**EXERCISE REQUIREMENTS:** Repeat what the lines below say, word for word, and skip every image.

**DATA PROVIDED:**
□ □ □
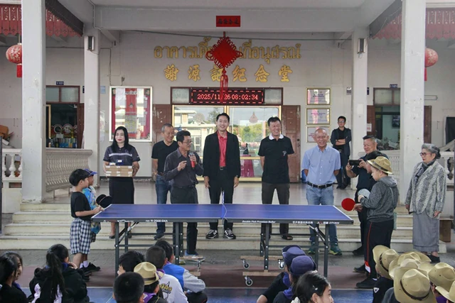 วันนี้ 26 พย.68 นายอุทัย ศรีสุขวสุ ประธานมูลนิธิร่วมมิตรสุโขทัย นายกมลศิลป์ เดชะศาศวัต ประธานศาลเจ้าปุงเถ่ากง-ม่า สุโขทัย พร้อมคณะกรรมการศาลเจ้าปุงเถ่ากง-ม่า สุโขทัย คณะกรรมการสมาคมพ่อค้าจังหวัดสุโขทัยมอบโต๊ะเทเบิลเทนนิส จำนวน 5ชุด และอุปกรณ์ฝึกซ้อมกว่าสามหมื่นบาท มีนายสุรพล อังศิริจินดา นายกสมาคมพ่อค้าจังหวัดสุโขทัย และประธานโรงเรียนกวางตงสุโขทัย พร้อมผู้บริหาร ครู นักเรียนให้การต้อนรับคณะพร้อมกล่าวขอบคุณคณะผู้มอบอุปกรณ์ โครงการจัดซื้อโต๊ะเทเบิลเทนนิส พร้อมอุปกรณ์มีผู้ร่วมสนับนุนในโครงการครั้งนี้
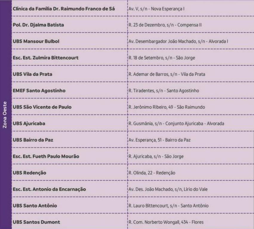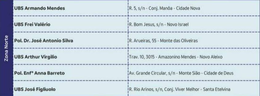 Cinco deles são fixos, como o Clube do Trabalhador do Sesi, na av. Cosme Ferreira, o Balneário do Sesc, no bairro Alvorada, o Centro Cultural Povos da Amazônia, no Crespo, a Universidade Paulista, em Flores, e o estacionamento do Supermercado Coema, na avenida Torquato Tapajós.
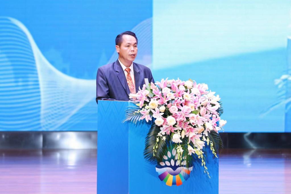 9月15日15时40分,老挝教育体育部职教司副司长通萨•因塔翁在2023中国-东盟制造业与职业教育合作发展论坛开幕式上致辞。
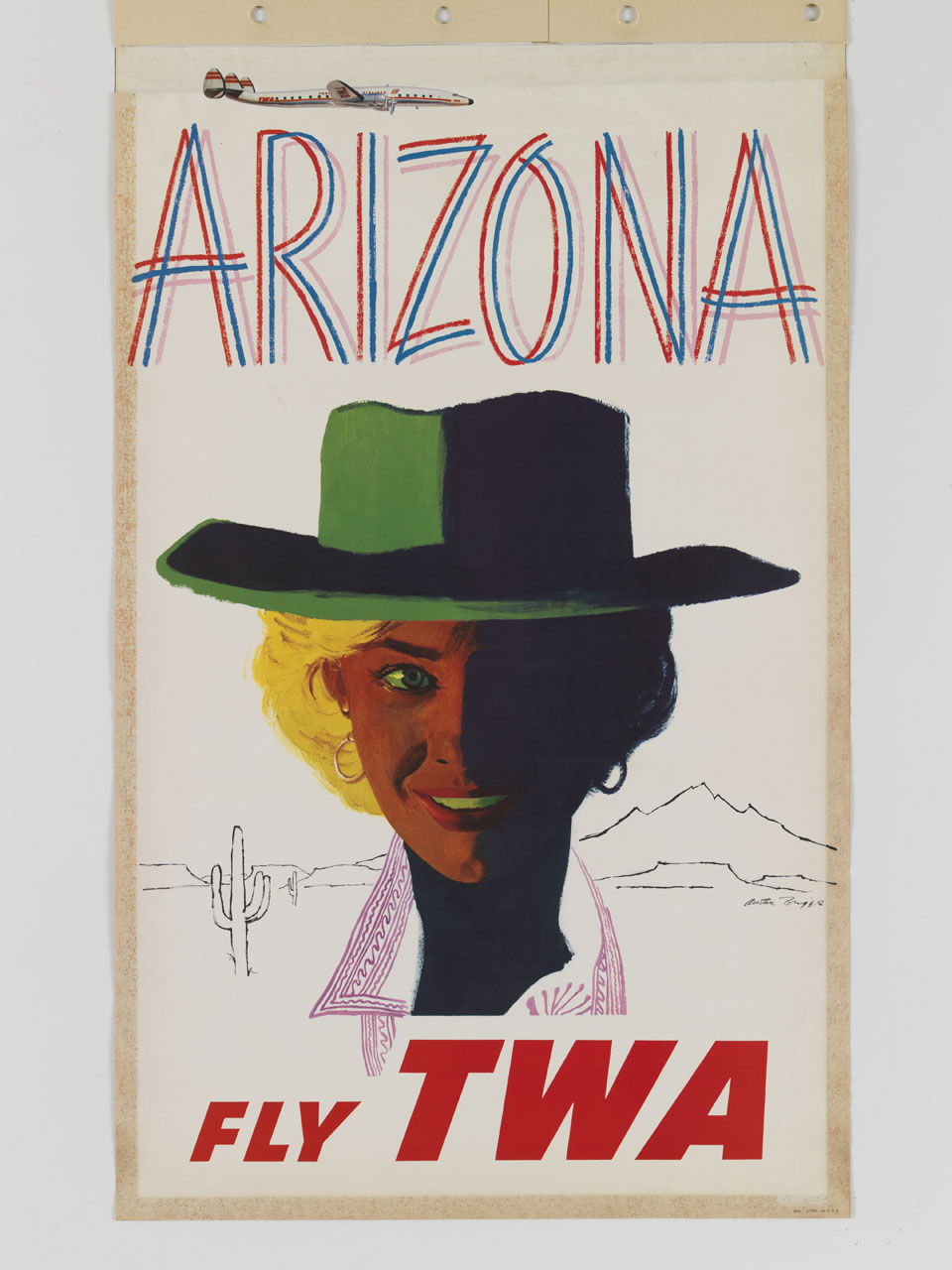 Lettura iconografica: aeroplano; figura femminile; cappello; paesaggio stilizzato; deserto; colline; cactus. Categoria merceologica/ tipo evento: trasporti; trasporto aereo; compagnia aerea; aeroplano. Nomi: TWA; Trans World Airlines; Lockheed L-1649 Starliner. Luoghi: USA; United States of America; Stati Uniti d'America; Arizona
□ □ □
**ANSWER TO THE EXERCISE:**
 วันนี้ 26 พย.68 นายอุทัย ศรีสุขวสุ ประธานมูลนิธิร่วมมิตรสุโขทัย นายกมลศิลป์ เดชะศาศวัต ประธานศาลเจ้าปุงเถ่ากง-ม่า สุโขทัย พร้อมคณะกรรมการศาลเจ้าปุงเถ่ากง-ม่า สุโขทัย คณะกรรมการสมาคมพ่อค้าจังหวัดสุโขทัยมอบโต๊ะเทเบิลเทนนิส จำนวน 5ชุด และอุปกรณ์ฝึกซ้อมกว่าสามหมื่นบาท มีนายสุรพล อังศิริจินดา นายกสมาคมพ่อค้าจังหวัดสุโขทัย และประธานโรงเรียนกวางตงสุโขทัย พร้อมผู้บริหาร ครู นักเรียนให้การต้อนรับคณะพร้อมกล่าวขอบคุณคณะผู้มอบอุปกรณ์ โครงการจัดซื้อโต๊ะเทเบิลเทนนิส พร้อมอุปกรณ์มีผู้ร่วมสนับนุนในโครงการครั้งนี้
 Cinco deles são fixos, como o Clube do Trabalhador do Sesi, na av. Cosme Ferreira, o Balneário do Sesc, no bairro Alvorada, o Centro Cultural Povos da Amazônia, no Crespo, a Universidade Paulista, em Flores, e o estacionamento do Supermercado Coema, na avenida Torquato Tapajós.
 9月15日15时40分,老挝教育体育部职教司副司长通萨•因塔翁在2023中国-东盟制造业与职业教育合作发展论坛开幕式上致辞。
 Lettura iconografica: aeroplano; figura femminile; cappello; paesaggio stilizzato; deserto; colline; cactus. Categoria merceologica/ tipo evento: trasporti; trasporto aereo; compagnia aerea; aeroplano. Nomi: TWA; Trans World Airlines; Lockheed L-1649 Starliner. Luoghi: USA; United States of America; Stati Uniti d'America; Arizona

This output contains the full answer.